STEM at GFA: Grace Owen’s Project
Oliver Williams ‘27
Last year, I was reading the write-ups GFA did for symposium, and to be honest, I wasn’t learning much. While trying to find interesting presentations to go to, I was getting steamrolled by titles that I didn’t understand at all. I had no clue what (and I quote) “Drosophila Melanogaster As a Potential Model For Host-Microbe Interactions in IBD: Comparing the Efficacy of Different Probiotic Species on Dextran Sodium Sulfate-Induced Colitis” (GFA symposium schedule, title by Viola Cullen) means. That struck me as a shame- I’m sure Vi did a lot of really interesting work, and I’m really sure that the project was interesting, but frankly, I had no clue what that work actually was. While reading the titles, I wished the people doing the projects could be standing next to me, explaining the projects. Because of that, I am quite excited to launch the first-ever Symposium write-up, a column interviewing students about their projects, to hopefully shed some more light on the incredible work that’s being done.
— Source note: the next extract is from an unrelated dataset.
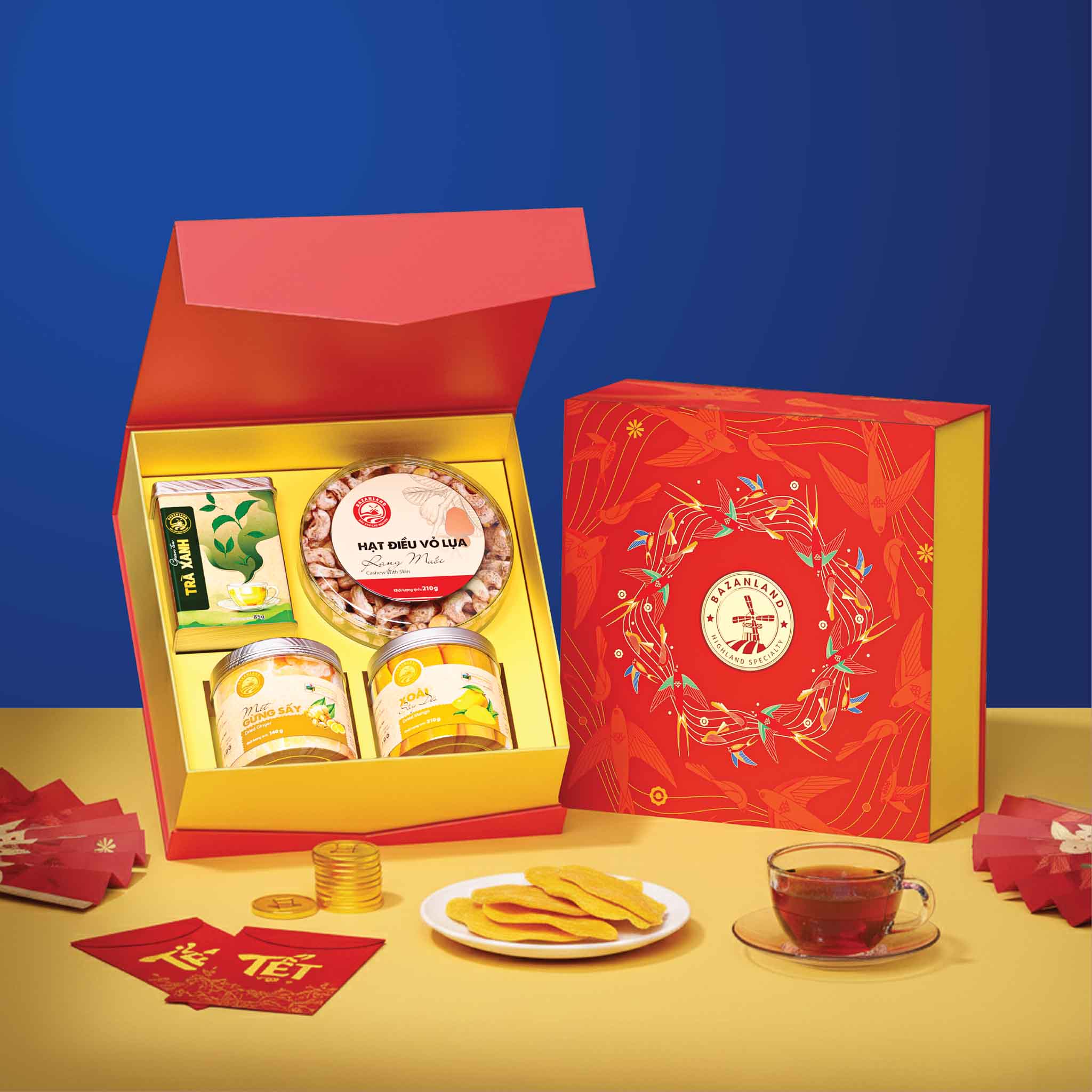 Toàn bộ sản phẩm được sắp xếp gọn gàng trong hộp quà Tết Sunrise Size Bazanland – size M. Thiết kế hộp cứng cáp với tông đỏ – vàng rực rỡ, tạo ấn tượng sang trọng ngay khi mở hộp, đồng thời thể hiện sự trân trọng và chu đáo của người tặng.

While I was trying to figure out who to interview for the first write-up, I heard from Mr. Lowenstein that Grace Owen would be presenting her work in her advanced inquiry in computer science. Due to this, I decided she would be my first interview for this column. My first question was, of course, what actually is your project? Grace is building a spam detection website that uses a neural network to do the detection. You input an email or text, and the website outputs 2 things: a percentage chance that the message is spam, and a short paragraph explaining why it thinks whether the message is spam or not. The way it does this is by parsing the message for keywords that show urgency, sow doubt, or discuss money. Then that gets inputted into the neural network, and that network decides whether or not the message is spam. It does this by comparing the message as a whole and the parsed text to its training data of spam and non-spam messages, and then it outputs a percentage chance that the message is spam. Grace is currently working on training a Llama model (an AI model owned by Meta) to get the website to output a paragraph explaining why it thinks the message is spam or safe, and is working on the prompt engineering to get this feature into development.
I thought this project was really cool and asked Grace where she got the idea. Her response was much more personal than I would’ve guessed - her great aunt got scammed out of a very large sum of money by one of these spam emails. She had early-stage dementia, and because she gave the money away “willingly”, it was impossible to get it back. Grace said she felt that older generations had been somewhat left behind by technological advances and that she felt that a tool like this could be very helpful in that regard.
Grace says she has quite enjoyed her work this year in the CS department, and is excited to show it off in May! If you thought this was interesting, come see Grace’s presentation at symposium!